I’ve been overweight most of my life and all of my adult life.  I usually run somewhere between 360 and 380 pounds.  Yeah! I’m almost 400 pounds.  Most people who know me wouldn’t believe it.  When they finally do, they say things like “it doesn’s look like it because you’re so tall” and “you carry it well”.  Well, yeah, I am tall and yes, I do carry it well the way they mean it, but it doesn’t change the fact that my body is breaking down due to the strain of carrying too much weight.  Then there is the issue of not being able to find clothes that fit, much less ones that I like.  Oh, and they cost more and never seem to last as long.  Let’s not even talk about chairs with arms on them!  Ever stood up and had to lever a chair off your ass with your back and thighs?  Ever seen the look of revulsion on someone’s face when you eat your piddling little portion of food even though smaller portions don’t make you lose weight.  Ever had someone look at you and actually have the balls to say, “why don’t you eat a salad?”

This sounds like a lot of whining, huh?

That isn’t the point of this post.  The point of this post is HOPE.  Want some?  I’ve got some to spare for you.  Why?  Because most of us have that “extra” that we’d like to get rid of.  What I’m suggesting isn’t going to be easy.  It isn’t going to be a magic pill that you take every morning with your milk chocolate mocha and donut and the pounds simply melt away.  Its going to be hard work, but you’ll love yourself for doing it.

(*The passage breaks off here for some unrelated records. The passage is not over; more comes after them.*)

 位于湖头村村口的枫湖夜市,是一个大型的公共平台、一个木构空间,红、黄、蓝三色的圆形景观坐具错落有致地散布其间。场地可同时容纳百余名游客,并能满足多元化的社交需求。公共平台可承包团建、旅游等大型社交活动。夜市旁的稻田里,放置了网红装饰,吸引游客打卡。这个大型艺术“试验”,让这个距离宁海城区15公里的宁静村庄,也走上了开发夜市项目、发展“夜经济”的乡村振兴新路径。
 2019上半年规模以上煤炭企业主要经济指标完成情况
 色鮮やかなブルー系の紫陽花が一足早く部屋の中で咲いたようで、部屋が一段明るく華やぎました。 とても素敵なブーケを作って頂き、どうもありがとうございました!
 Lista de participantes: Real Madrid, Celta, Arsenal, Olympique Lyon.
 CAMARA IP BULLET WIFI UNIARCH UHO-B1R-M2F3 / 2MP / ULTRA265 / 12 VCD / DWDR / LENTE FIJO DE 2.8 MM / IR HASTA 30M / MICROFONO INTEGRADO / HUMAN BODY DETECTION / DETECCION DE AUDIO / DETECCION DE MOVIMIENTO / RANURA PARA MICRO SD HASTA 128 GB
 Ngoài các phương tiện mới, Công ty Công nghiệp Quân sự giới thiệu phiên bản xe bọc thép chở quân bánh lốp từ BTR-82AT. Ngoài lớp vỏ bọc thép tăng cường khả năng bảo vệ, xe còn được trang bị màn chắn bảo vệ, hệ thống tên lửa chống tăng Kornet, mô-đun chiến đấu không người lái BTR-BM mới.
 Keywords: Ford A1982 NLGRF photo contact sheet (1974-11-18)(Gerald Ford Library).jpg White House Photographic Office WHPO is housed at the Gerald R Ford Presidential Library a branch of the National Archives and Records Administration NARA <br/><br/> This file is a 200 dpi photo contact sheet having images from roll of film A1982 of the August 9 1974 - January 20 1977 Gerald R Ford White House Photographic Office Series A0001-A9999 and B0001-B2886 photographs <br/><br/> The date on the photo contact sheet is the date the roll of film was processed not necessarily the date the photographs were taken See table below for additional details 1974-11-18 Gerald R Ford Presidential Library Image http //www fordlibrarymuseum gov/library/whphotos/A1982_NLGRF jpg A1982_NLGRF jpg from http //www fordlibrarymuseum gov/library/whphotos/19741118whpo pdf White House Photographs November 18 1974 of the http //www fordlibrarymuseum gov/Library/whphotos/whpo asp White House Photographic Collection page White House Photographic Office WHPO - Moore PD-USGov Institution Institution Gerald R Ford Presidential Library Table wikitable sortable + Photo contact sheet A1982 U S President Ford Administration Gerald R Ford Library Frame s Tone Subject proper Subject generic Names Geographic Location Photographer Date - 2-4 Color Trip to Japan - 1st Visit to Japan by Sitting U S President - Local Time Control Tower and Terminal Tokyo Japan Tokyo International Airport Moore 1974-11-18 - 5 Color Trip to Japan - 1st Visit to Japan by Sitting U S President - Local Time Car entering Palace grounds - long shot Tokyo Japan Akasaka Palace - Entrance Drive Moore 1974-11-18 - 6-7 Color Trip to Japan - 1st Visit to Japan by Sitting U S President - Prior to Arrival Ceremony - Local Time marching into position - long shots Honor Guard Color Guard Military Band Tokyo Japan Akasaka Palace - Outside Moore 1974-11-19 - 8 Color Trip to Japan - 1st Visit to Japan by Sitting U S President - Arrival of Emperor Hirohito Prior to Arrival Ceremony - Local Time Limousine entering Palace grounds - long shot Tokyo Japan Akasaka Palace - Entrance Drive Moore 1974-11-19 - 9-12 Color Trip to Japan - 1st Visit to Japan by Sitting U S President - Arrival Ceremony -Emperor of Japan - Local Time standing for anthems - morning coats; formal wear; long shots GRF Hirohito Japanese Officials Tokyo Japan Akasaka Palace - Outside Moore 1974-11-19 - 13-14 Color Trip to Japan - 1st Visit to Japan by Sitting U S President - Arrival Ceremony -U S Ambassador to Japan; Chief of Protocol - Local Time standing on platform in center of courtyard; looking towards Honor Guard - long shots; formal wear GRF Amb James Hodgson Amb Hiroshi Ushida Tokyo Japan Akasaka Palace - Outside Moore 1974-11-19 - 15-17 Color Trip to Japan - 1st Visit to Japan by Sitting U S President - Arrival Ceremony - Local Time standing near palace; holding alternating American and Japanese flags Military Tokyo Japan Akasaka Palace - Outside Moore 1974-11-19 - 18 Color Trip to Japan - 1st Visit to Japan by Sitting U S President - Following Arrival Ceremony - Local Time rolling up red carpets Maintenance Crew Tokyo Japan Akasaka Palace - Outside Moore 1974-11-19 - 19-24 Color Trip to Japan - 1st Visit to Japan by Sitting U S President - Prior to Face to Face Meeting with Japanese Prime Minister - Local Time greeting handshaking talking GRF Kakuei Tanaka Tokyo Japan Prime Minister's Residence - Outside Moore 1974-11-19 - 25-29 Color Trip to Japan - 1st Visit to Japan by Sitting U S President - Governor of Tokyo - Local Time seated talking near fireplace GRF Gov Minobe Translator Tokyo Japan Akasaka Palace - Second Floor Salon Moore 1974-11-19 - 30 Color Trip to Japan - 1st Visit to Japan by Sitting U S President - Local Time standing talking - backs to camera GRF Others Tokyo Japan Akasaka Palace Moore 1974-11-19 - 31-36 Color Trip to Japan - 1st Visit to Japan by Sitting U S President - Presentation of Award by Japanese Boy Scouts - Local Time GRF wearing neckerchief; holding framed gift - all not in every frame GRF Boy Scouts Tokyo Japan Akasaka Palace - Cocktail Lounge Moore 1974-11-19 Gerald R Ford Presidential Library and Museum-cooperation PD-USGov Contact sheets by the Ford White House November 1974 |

I will say this: I have yet to break a sweat doing what I’m doing and I’ve been losing a steady five pounds a month.  (more now that I’ve incorporated phase two)

Before you whine, listen.

Five pounds a month isn’t all that much, but if you talk to everyone who has ever lost the weight and kept it off (and I know you have talked to them), they will tell you that long-term weight loss is the way to go.  The reason is because it means that you’re changing not only your scale readout, but also your body, mindset, and metabolism.

The first thing I did was go gluten-free.  Yes, yes…  I know everyone thinks that it is simply the latest excuse going around.  As someone who started losing the moment she stopped ingesting this crap I suggest you try to convince someone else.  What’s more, I don’t have the joint pain that I did.  I don’t have the moodiness that I did.  I don’t have the apathy that I did.

Wait a minute!  What?  Apathy?  What’s apathy?  Dictionary.com says:

Apathy
noun, plural apathies.
1.  absence or suppression of passion, emotion, or excitement.
2.  lack of interest in or concern for things that others find moving or exciting.

Check out this link: Food Intolerance

Notice any symptoms that might be you?  I sure did.

So what happens when you get rid of those food intolerances?  You body tries to come back to normal.  It took MONTHS, but I’m proud to say, I’m happy.  Yeah, I know.  You ARE happy.  Lie to someone who hasn’t been there.  You have moments of happiness and optimism, but you live in a drudgery of just making it through the day.  I now live in a place of optimism and positive outlook and the only real difference in my life is the gluten.  Are you gluten intolerant?  I have no idea.  It might be something totally different, like dairy or nuts or…  Play around with your diet and find out.

Before you throw what I’m saying out the window, try it.  One week just cutting back on the gluten was enough to convince me, but everyone I talk to, says give it two weeks.  Two weeks of cutting something out of your diet?  You’ve done stupid fad diets for longer than that.  You’ve given up sugar for longer than that!  Haven’t I done that stupid heart healthy diet too?  Grapefruit every blessed morning?  Bleck!  I HATE grapefruit.

All that being said, I now get to the hard work phase (as if giving up gluten is easy, that crap is in EVERYTHING!). Does anyone know what these are?

image

The two smaller ones are kettle bells.  (The big purple one is a bouncy ball that BG thinks is her kettle bell.)  The little puny one is mine.  The not much bigger one is CC’s.  I’ll let CC tell you about his experience.  I’m telling your about mine.

My kettle bell weighs 15 pounds.  BG weighed more than half that when she was born!  I use a fifteen because my wrists aren’t strong enough handle a heavier one without hurting myself.  Eventually, I will move up to the 25 pound (red) one, but for now I use the little one.  They make smaller ones for those of you who need something even smaller.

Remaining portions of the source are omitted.